Prisão por corrupção completa 1 ano e Giroto faz história entre políticos

Na última década, ver políticos atrás das grades passou a ser lugar-comum no Estado, mas nunca por período tão longo.

Em 8 de maio do ano passado, Giroto se apresenta na superintendência da PF para a quarta e mais longa prisão. - Foto: Fernando Antunes

Ex-deputado federal, Edson Giroto faz história em Mato Grosso do Sul: é o primeiro político denunciado por corrupção a completar um ano atrás das grades. Alvo da PF (Polícia Federal), ele contabiliza quatro prisões na operação Lama Asfáltica, que investiga corrupção, sendo a última iniciada em 8 de maio do ano passado.

Há um ano na cela 17 do Centro de Triagem de Campo Grande, destinada a presos com ensino superior, Giroto, que também foi secretario de Obras no governo André Puccinelli, foi o primeiro a ser condenado pela Justiça Federal. A pena é de quase dez anos de prisão e a decisão data de março deste ano. Ou seja, foram nove meses de prisão sem ter condenação.

A defesa aguarda julgamento de pedido de liberdade no STF (Superior Tribunal Federal).  "Giroto está bem na medida do possível", afirma o advogado Valeriano Fontoura, que tem contato diário com o cliente. Sobre a primeira condenação, o advogado entrou com recurso chamado embargo de declaração, em que pede que a Justiça esclareça omissões na sentença.

Noventa dias - Na última década, ver políticos atrás das grades passou a ser lugar-comum no Estado. Em 2010, a segunda maior cidade do Estado teve o prefeito preso em pleno exercício do mandato, num grande escândalo político. Ari Artuzi, então chefe do Poder Executivo de Dourados, foi alvo da operação Uragano, deflagrada em setembro daquele ano pela Polícia Federal.

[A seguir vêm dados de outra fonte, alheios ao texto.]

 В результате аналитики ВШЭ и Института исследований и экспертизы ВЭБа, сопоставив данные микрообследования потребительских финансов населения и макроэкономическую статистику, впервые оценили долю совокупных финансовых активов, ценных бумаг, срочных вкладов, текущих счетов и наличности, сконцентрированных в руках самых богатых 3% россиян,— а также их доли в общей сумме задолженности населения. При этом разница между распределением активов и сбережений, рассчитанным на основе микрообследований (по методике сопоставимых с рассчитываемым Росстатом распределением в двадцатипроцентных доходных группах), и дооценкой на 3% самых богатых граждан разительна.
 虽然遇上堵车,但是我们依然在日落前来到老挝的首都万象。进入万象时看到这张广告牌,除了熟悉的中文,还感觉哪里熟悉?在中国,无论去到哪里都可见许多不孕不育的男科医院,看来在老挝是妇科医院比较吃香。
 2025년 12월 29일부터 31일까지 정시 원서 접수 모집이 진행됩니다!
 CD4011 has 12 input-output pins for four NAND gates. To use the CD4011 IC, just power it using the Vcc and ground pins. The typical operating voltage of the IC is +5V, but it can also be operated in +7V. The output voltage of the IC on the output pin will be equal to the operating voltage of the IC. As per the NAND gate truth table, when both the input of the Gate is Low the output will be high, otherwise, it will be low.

Acusado de coordenar esquema de propina envolvendo vereadores e empresários, ele passou 90 dias atrás das grades, sendo solto um dia após renunciar ao cargo. Em dez anos, Artuzi passou de caminhoneiro e presidente de associação de bairro a prefeito de Dourados. Morreu em agosto de 2013.

Quarenta e sete dias - Em outubro de 2015, Gilmar Olarte foi o primeiro prefeito de Campo Grande, ainda que na condição de afastado, a parar atrás das grades. O Poder Executivo da Capital vivia calmaria desde a década de 50, quando o então prefeito Ari Coelho foi assassinado.

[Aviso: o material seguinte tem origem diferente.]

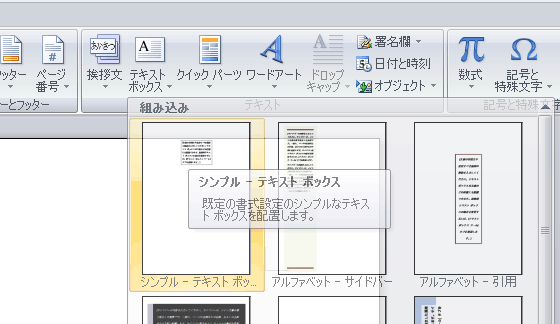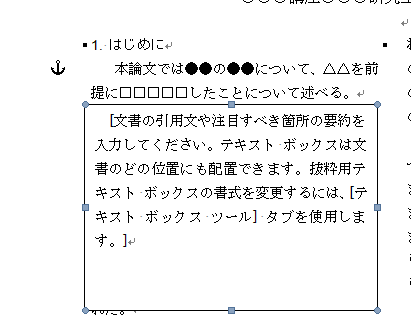 これで、テキストボックスが挿入できます。テキストボックスという名前ですが、テキスト以外もこのボックスの中に入れることができます。誤解を招く名前ですが、昔のWORDでは、レイアウトボックスというものもあり、そちらの方が名前としては適切でした。レイアウトボックスは機能が低かったのでテキストボックスの方に統一されて機能強化されているという歴史があります。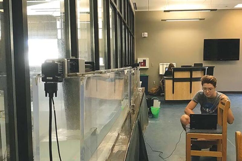 Both Snyder and student Megan Hager, a senior this fall, spent several weeks during the summer at the O.H. Hinsdale Wave Research Laboratory at Oregon State University. By conducting research and designing lesson plans for high school classes, they earned a grant that allowed them to purchase a 16-foot wave flume for Snyder’s classroom.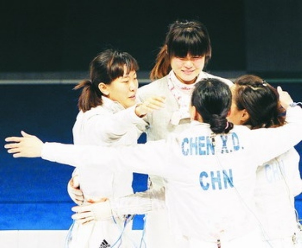 图② 11月21日,中国队选手谭雪(左一)和队友庆贺胜利。当日,在女子佩剑团体决赛中,中国队夺得冠军。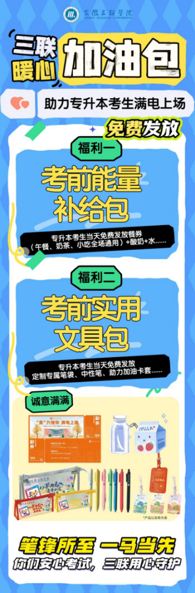 关注专升本考生接“福”了!安徽三联学院为您准备暖心加油包,免费发放能量补给包、文具包等福利,助力考生考试无忧。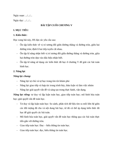- Ôn tập kiến thức về vị trí tương đối giữa đường thẳng và đường tròn, giữa hai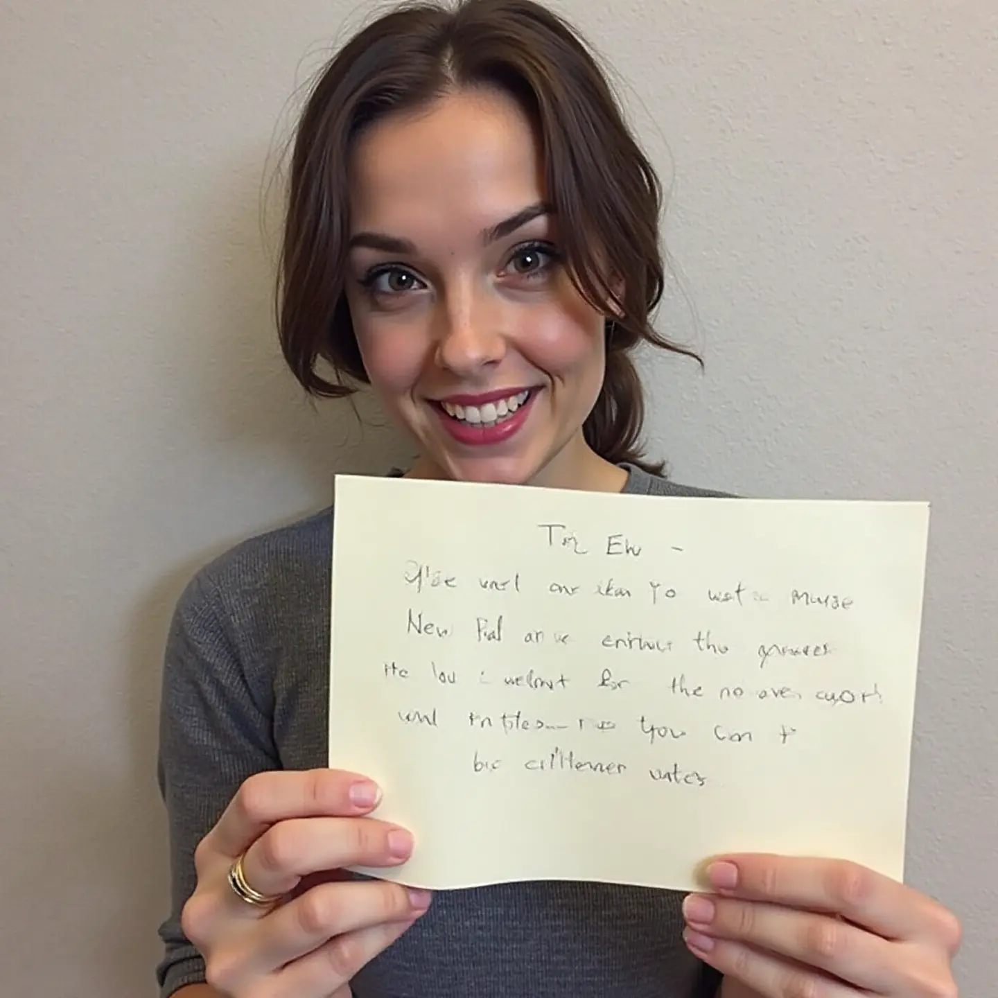 EvelynТори Блэк с фотографией с бумагой в руке без записи, с ее лицом.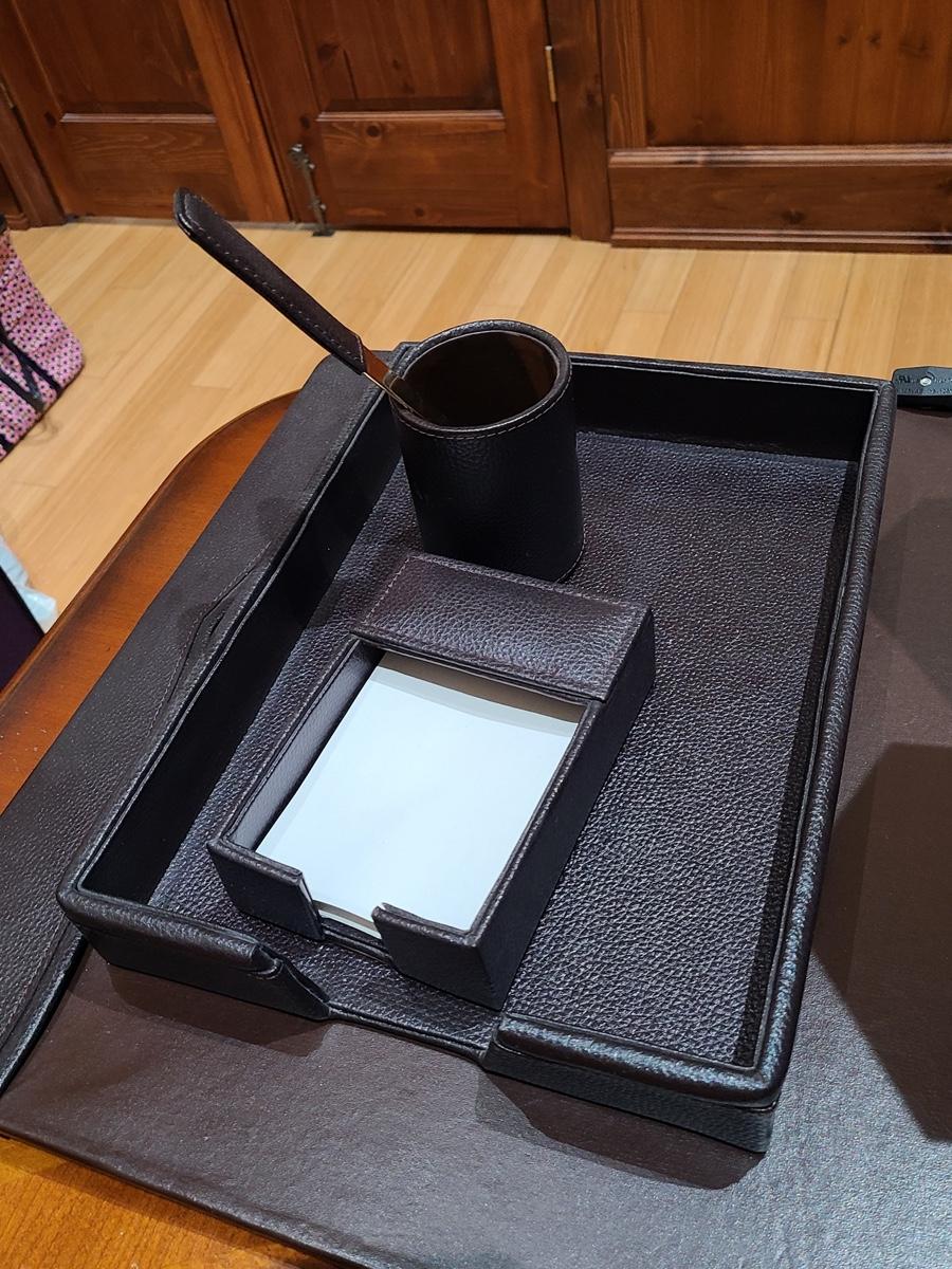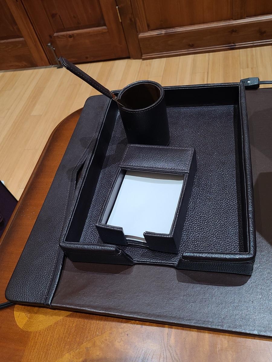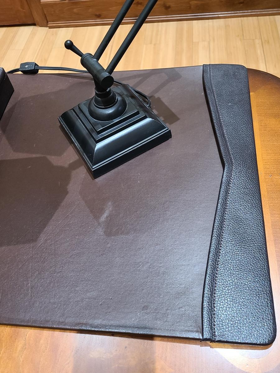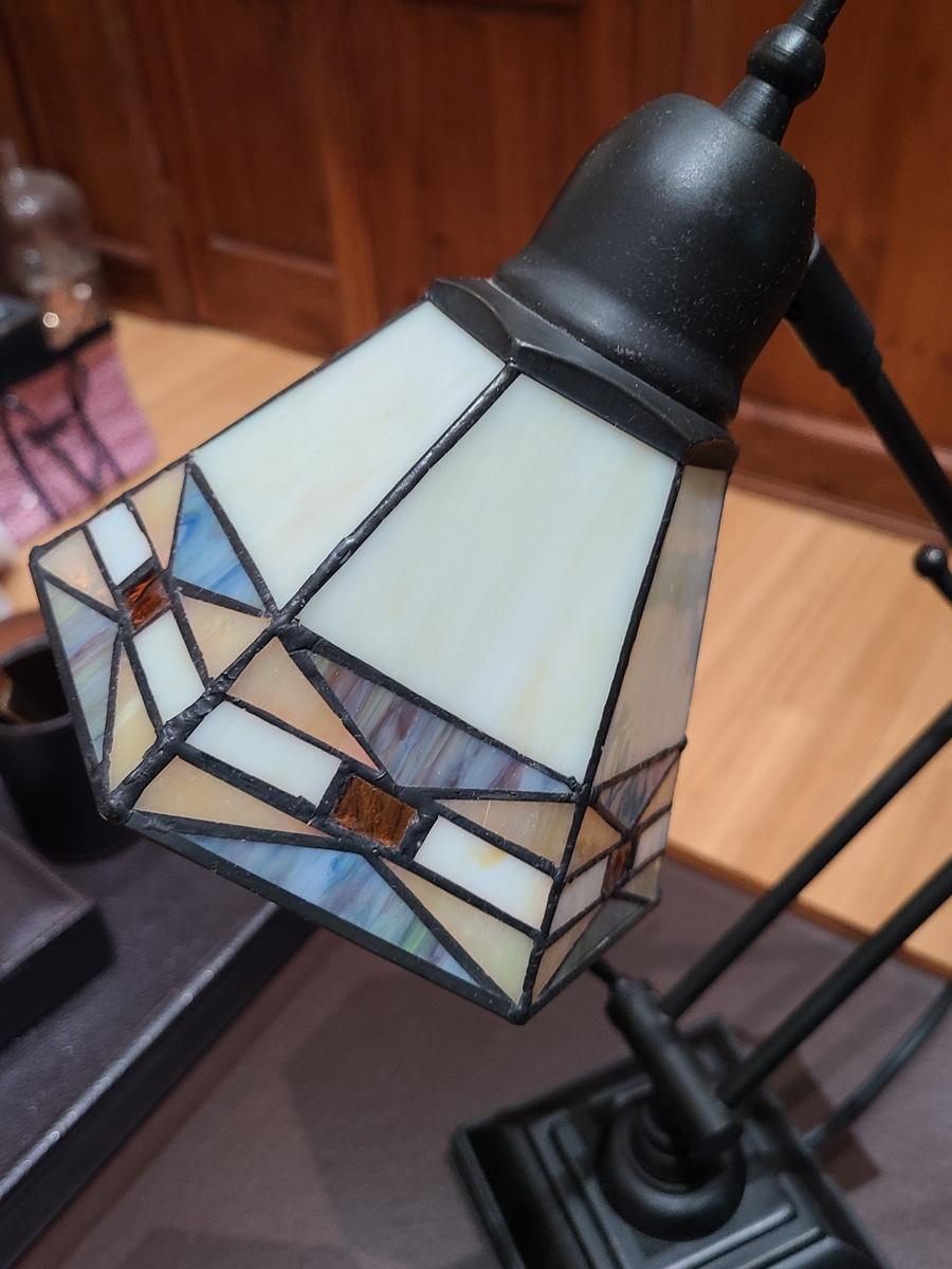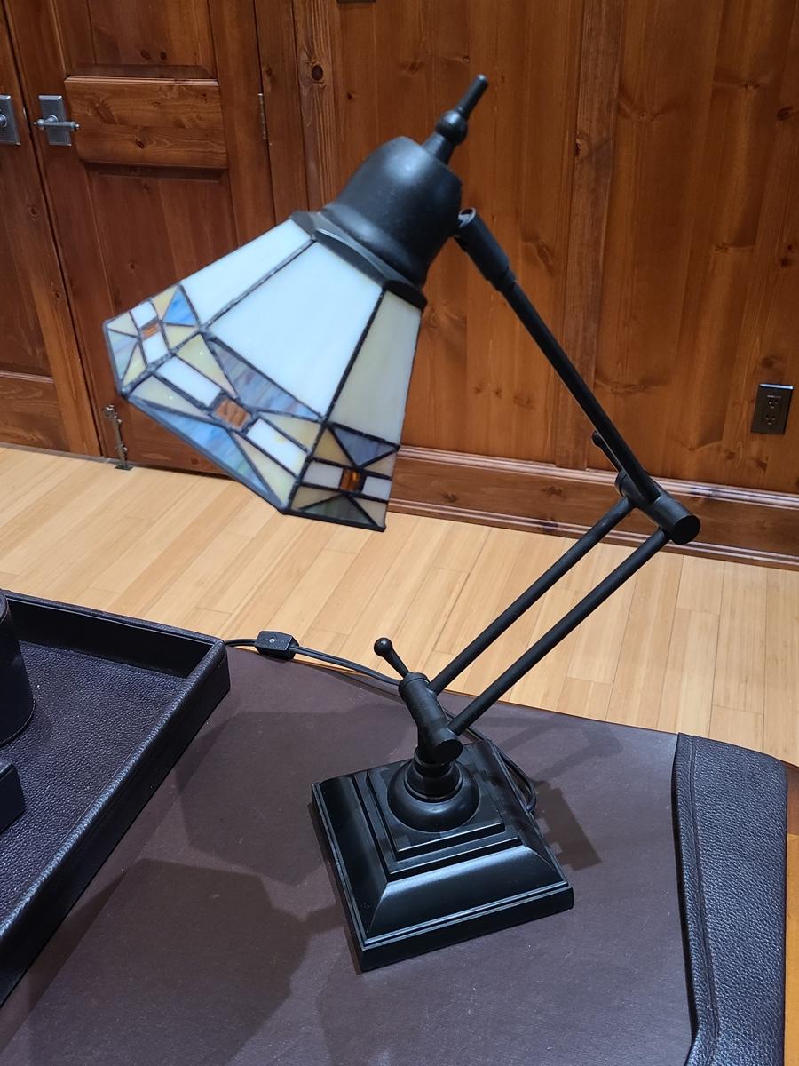 Lot 112: Leather Bey-Berk Desk Set and Stained Glass Styled Accent Lamp

A prisão, temporária, com validade de cinco dias, foi um desdobramento da operação Coffee Break, realizada pelo Gaeco (Grupo de Atuação Especial e Combate ao Crime Organizado) para investigar compra de votos na Câmara Municipal.

A segunda prisão de Olarte, já ex-prefeito, foi em agosto de 2016, desta vez na operação Pecúnia, em que o Gaeco investigou lavagem de dinheiro. Ele foi solto após 42 dias de prisão.

Cinco meses – Ex-governador do Estado, André Puccinelli (MDB) passou cinco meses presos, de julho a agosto de 2018, também na operação Lama Asfáltica. Ele responde por crimes de corrupção passiva e lavagem de dinheiro. A primeira prisão de Puccinelli aconteceu em novembro de 2017, quando passou algumas horas atrás das grades.

Aberto – Ex-prefeito de Aquidauana e ex-deputado federal, Raul Freixes cumpre pena em regime fechado pela primeira vez desde março deste ano. Com condenações desde 2103 por corrupção, ele havia passado por regime aberto e semiaberto.